Decoding violated sensory expectations from the auditory cortex of anaesthetised mice: Hierarchical recurrent neural network depicts separate 'danger' and 'safety' units.

The ability to respond appropriately to sensory information received from the external environment is among the most fundamental capabilities of central nervous systems. In the auditory domain, processes underlying this behaviour are studied by measuring auditory-evoked electrophysiology during sequences of sounds with predetermined regularities. Identifying neural correlates of ensuing auditory novelty responses is supported by research in experimental animals. In the present study, we reanalysed epidural field potential recordings from the auditory cortex of anaesthetised mice during frequency and intensity oddball stimulation. Multivariate pattern analysis (MVPA) and hierarchical recurrent neural network (RNN) modelling were adopted to explore these data with greater resolution than previously considered using conventional methods.
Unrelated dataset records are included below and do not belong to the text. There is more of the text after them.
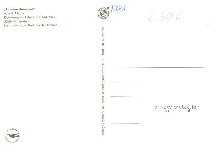 73642745 Kalifornien Ostseebad Pension Seemoeve Gastraum Terrasse postalisch nicht gelaufen Erhaltung siehe scans [FriedD77] KatCode: 11110001057073
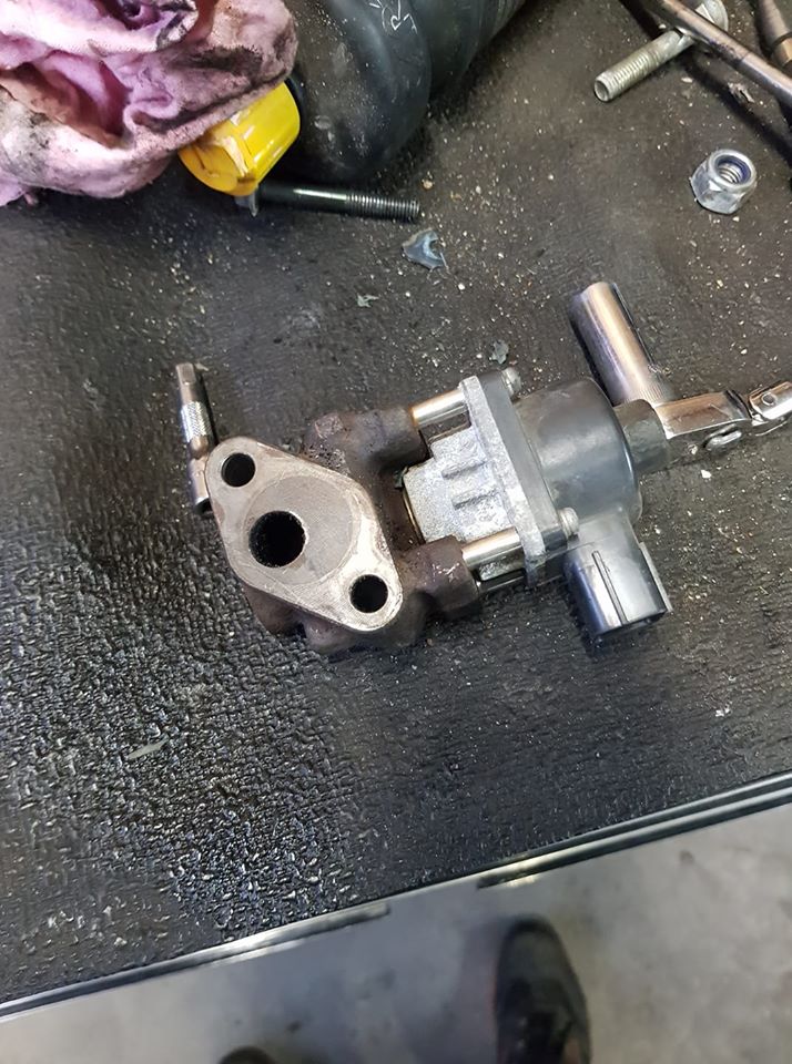 EGR klep van een Suzuki 1.3 benzine , zou dit voortkomen uit E10 gebruikAuto liep heel onregelmatig stationairBlijkt de klep zeer zwaar te gaan door vervuiling /bruine aanslagSchoongemaakt en gaat weer soepel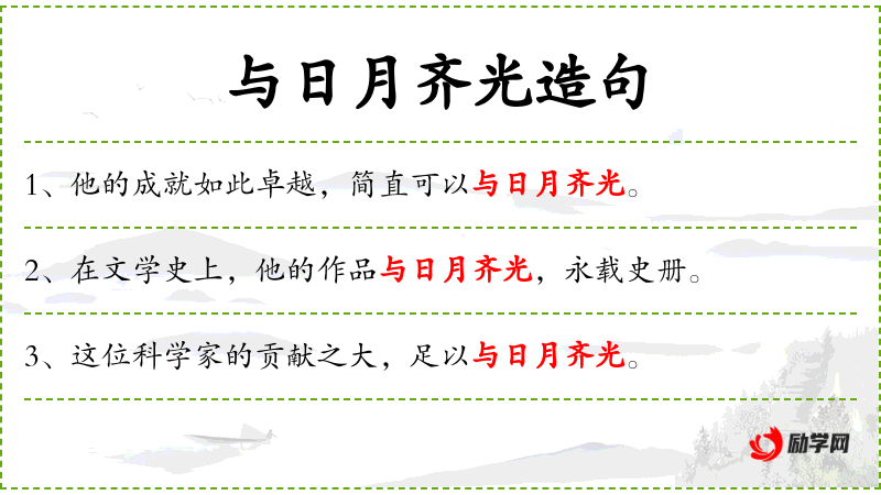 2. 【与日月齐光】 - 与太阳、月亮的光芒相当。常用以称赞人的精神、功业伟大。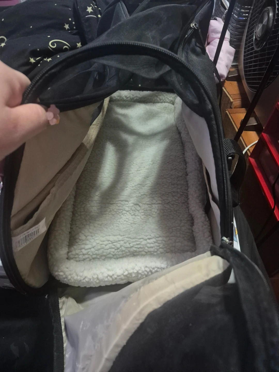 This is a black pet carrier bag. It's made from durable fabric and features mesh ventilation panels. The interior has a soft, plush lining. It's suitable for small pets.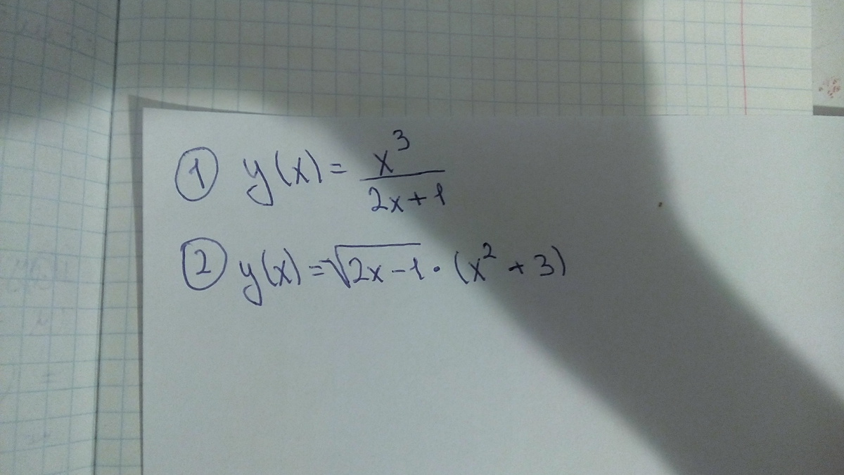 1. y'(x) = (u'*v-v'*u)/v^2 = ((3x^2)*(2x+1)-2*x^3)/(2x+1)^2=(6x^3+3x^2-2x^3)/(2x+1)^2= (4x^3+3x^2)/(2x+1)^2= (4x^3+2x^2+x^2)/(2x+1)^2= 2x^2*(1/2x+1) + (x/(2x+1))^2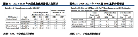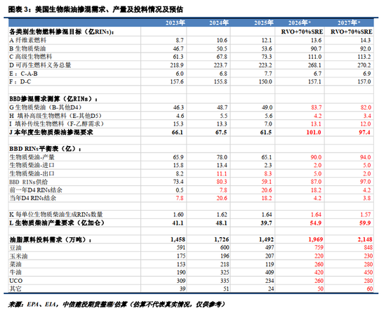 掺混义务加上70%的小炼厂豁免,令2026-2027年美国生物质柴油掺混义务升至90.7亿、92亿RINs,再加上填补其他高级生物燃料和传统生物燃料的需求,生柴的掺混需求将进一步增长。尽管尚有较多结余的RINs可供使用,我们预计美国可再生柴油工厂可能在2027年RINs系数下调窗口前抓紧生产,2026年美国生物质柴油产量有望达到90亿RINs甚至更高水平。按照1.64的系数折算约55亿加仑,对应油脂投料需求近2000万吨,将令美豆油投料需求增至700万吨以上;2027年的美国生柴产量及油脂投料需求则预计进一步增至2000万吨以上,推动美豆油投料需求增至800万吨以上。不过,RINs折算系数的高低对美国生柴的产量要求及油脂投料需求存在影响,且不同原料的投料情况亦需综合补贴及价差情况,仍需根据实际情况进行不断修正。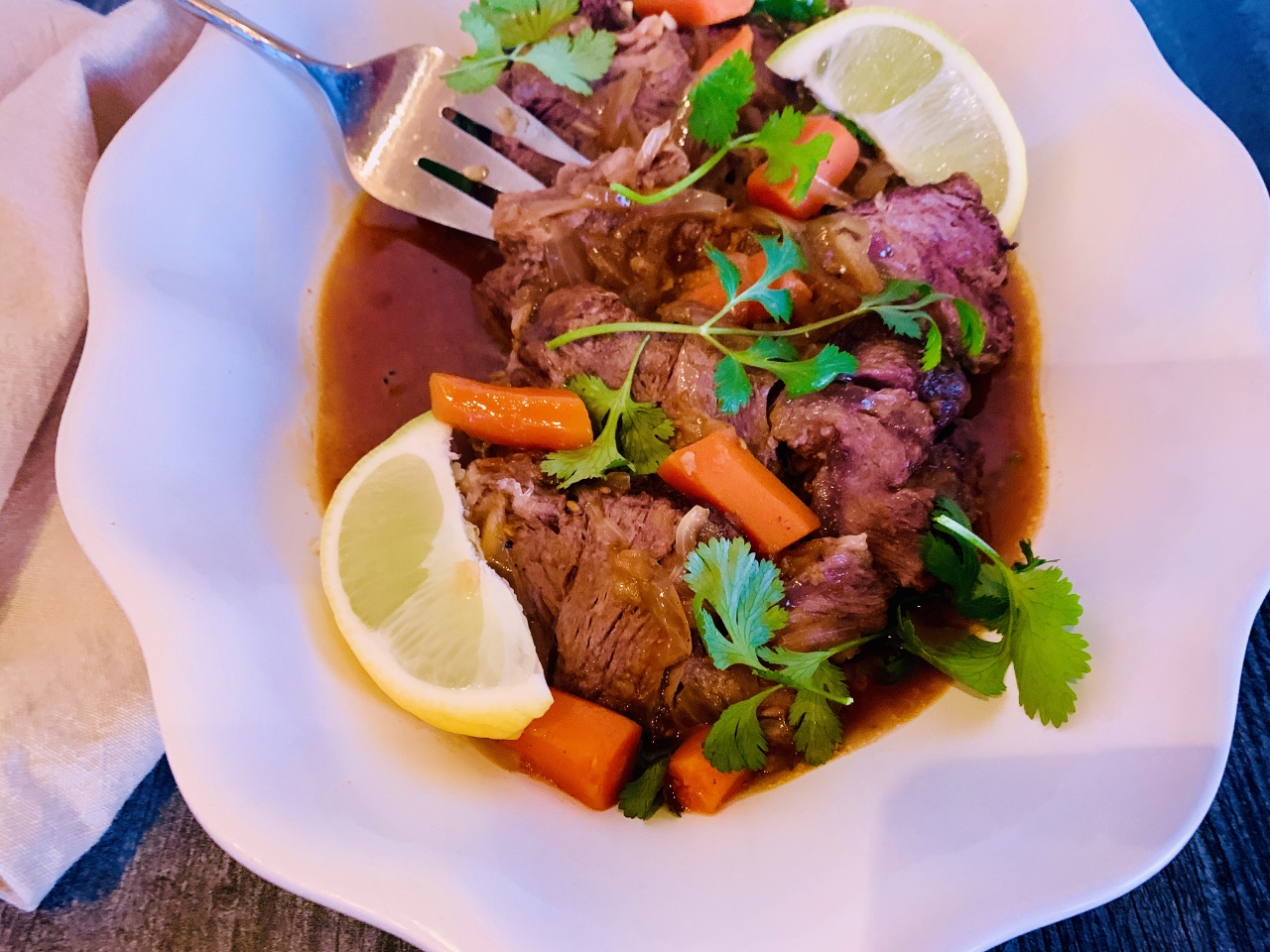 - Slice meat and place on large serving platter or bowl, ladle hot broth over top of meat with carrots. Top with cilantro. Serve with lime wedges. Enjoy!

Time-wise and generalised temporal decoding MVPA approaches revealed previously underestimated asymmetry between responses to sound-level transitions in the intensity oddball paradigm, in contrast with tone frequency changes. After training, the cross-validated RNN model architecture with four hidden layers produced output waveforms in response to simulated auditory inputs that were strongly correlated with grand-average auditory-evoked potential waveforms (r  > .9). Units in hidden layers were classified based on their temporal response properties and characterised using principal component analysis and sample entropy. These demonstrated spontaneous alpha rhythms, sound onset and offset responses and putative 'safety' and 'danger' units activated by relatively inconspicuous and salient changes in auditory inputs, respectively. The hypothesised existence of corresponding biological neural sources is naturally derived from this model. If proven, this could have significant implications for prevailing theories of auditory processing.